Collection entries
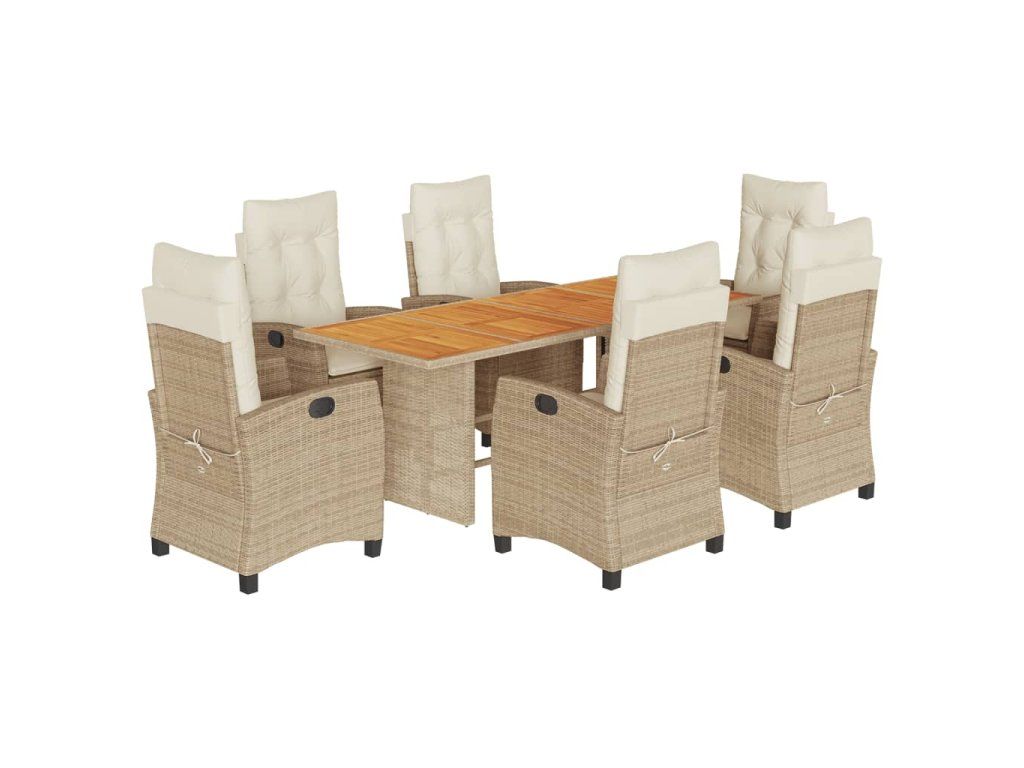 7dílný zahradní jídelní set s poduškami béžový polyratan 3212713
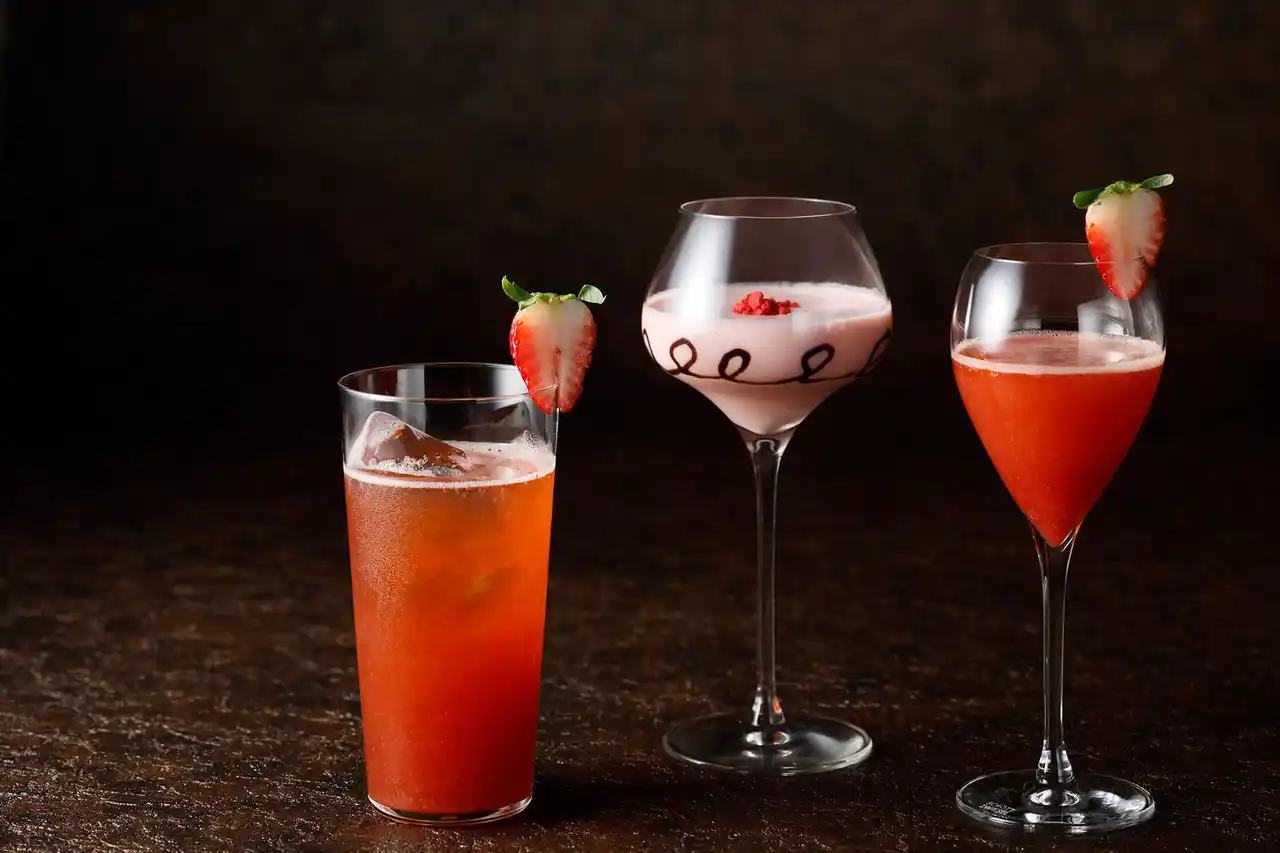 同期間、いちごの王様“あまおう”の魅力をさまざまなスタイルでお楽しみいただけるカクテルが3種類登場いたします。紅茶の香りが心地よく広がる「あまおうダージリンクーラー」は軽やかな味わいが魅力的な一杯です。「あまおうアレキサンダー」は、ミルキーな余韻が続くなめらかな口当たりが冬の夜に調和します。果実の甘みと深みを兼ね備えた「あまおうレオナルド」の華やかな赤は視覚にも印象的です。 |
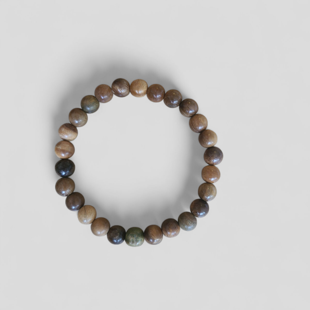 Let op! De armband is gemaakt van Houtkralen. De glans van deze kralen kan vervagen door contact met de huid en water.
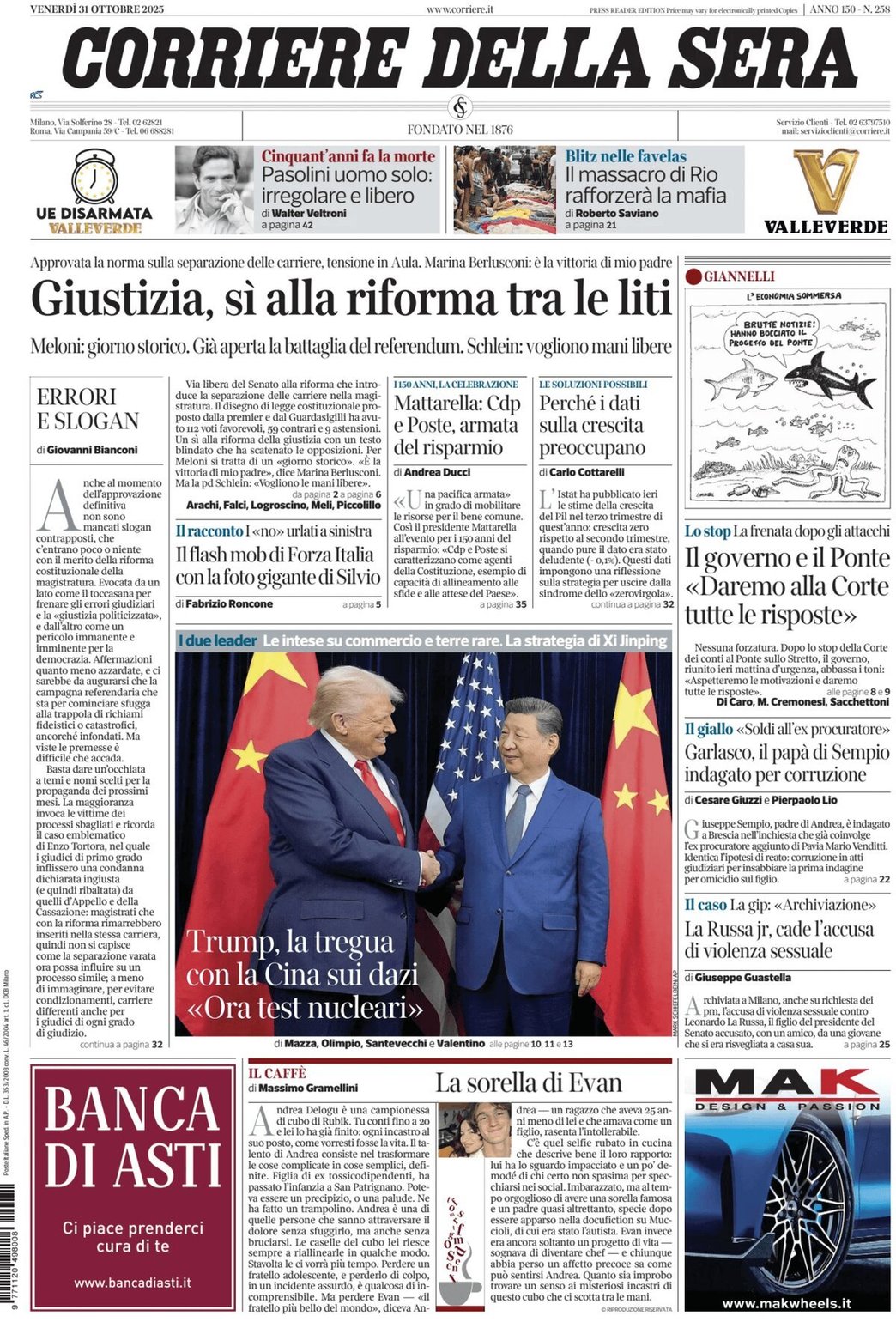 - Meloni: giorno storico. Già aperta la battaglia del referendum. Schlein: vogliono mani libere
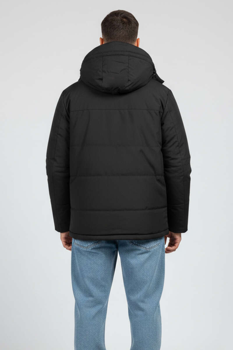 Fermuarlı Kapüşonlu Erkek Mevsimlik Mont Siyah
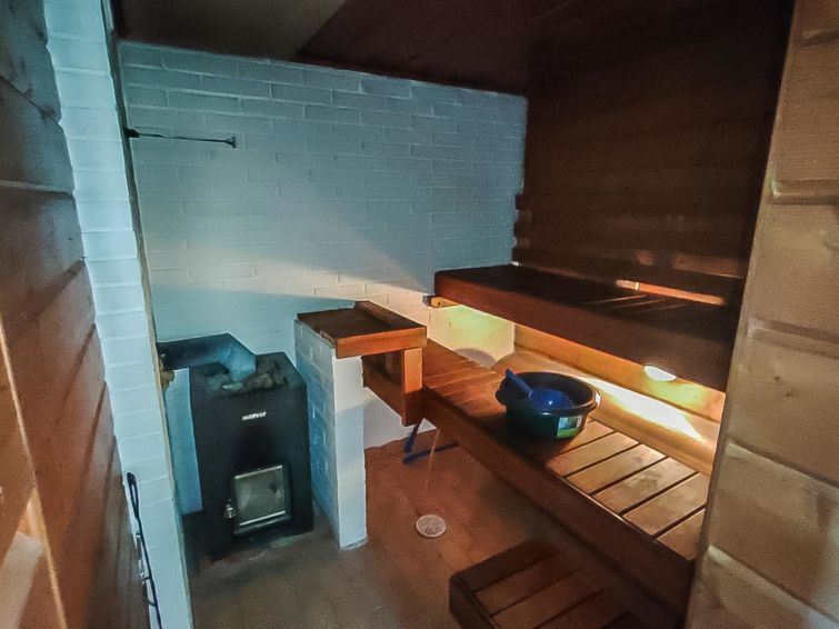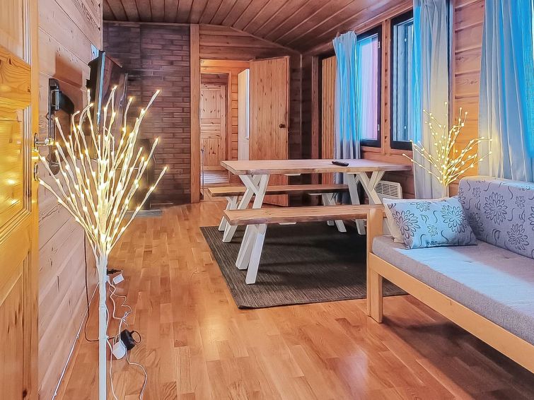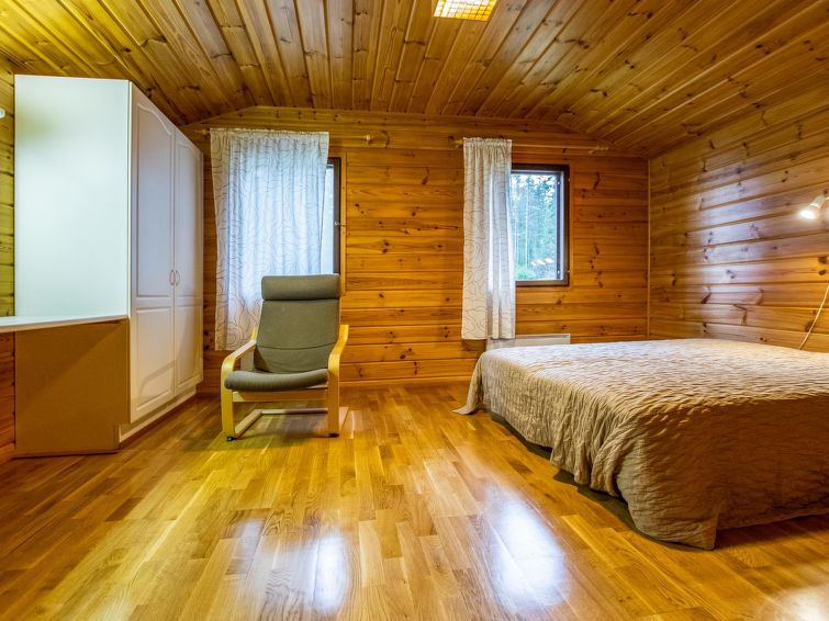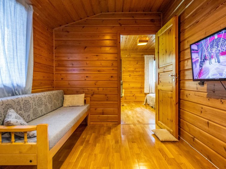 Wooden cabin with boarded outer walls (1993), living room (sofa bed 140x190 cm, bed for one), living room / kitchen, WC. Two bedrooms, each with two beds. Sauna (wood-burning sauna stove), washroom with two showers.

### AIM OF THE TASK
Print the records word for word and exclude any picture they hold.

### RESPONSE BELOW
 7dílný zahradní jídelní set s poduškami béžový polyratan 3212713
 同期間、いちごの王様“あまおう”の魅力をさまざまなスタイルでお楽しみいただけるカクテルが3種類登場いたします。紅茶の香りが心地よく広がる「あまおうダージリンクーラー」は軽やかな味わいが魅力的な一杯です。「あまおうアレキサンダー」は、ミルキーな余韻が続くなめらかな口当たりが冬の夜に調和します。果実の甘みと深みを兼ね備えた「あまおうレオナルド」の華やかな赤は視覚にも印象的です。 |
 Let op! De armband is gemaakt van Houtkralen. De glans van deze kralen kan vervagen door contact met de huid en water.
 - Meloni: giorno storico. Già aperta la battaglia del referendum. Schlein: vogliono mani libere
 Fermuarlı Kapüşonlu Erkek Mevsimlik Mont Siyah
 Wooden cabin with boarded outer walls (1993), living room (sofa bed 140x190 cm, bed for one), living room / kitchen, WC. Two bedrooms, each with two beds. Sauna (wood-burning sauna stove), washroom with two showers.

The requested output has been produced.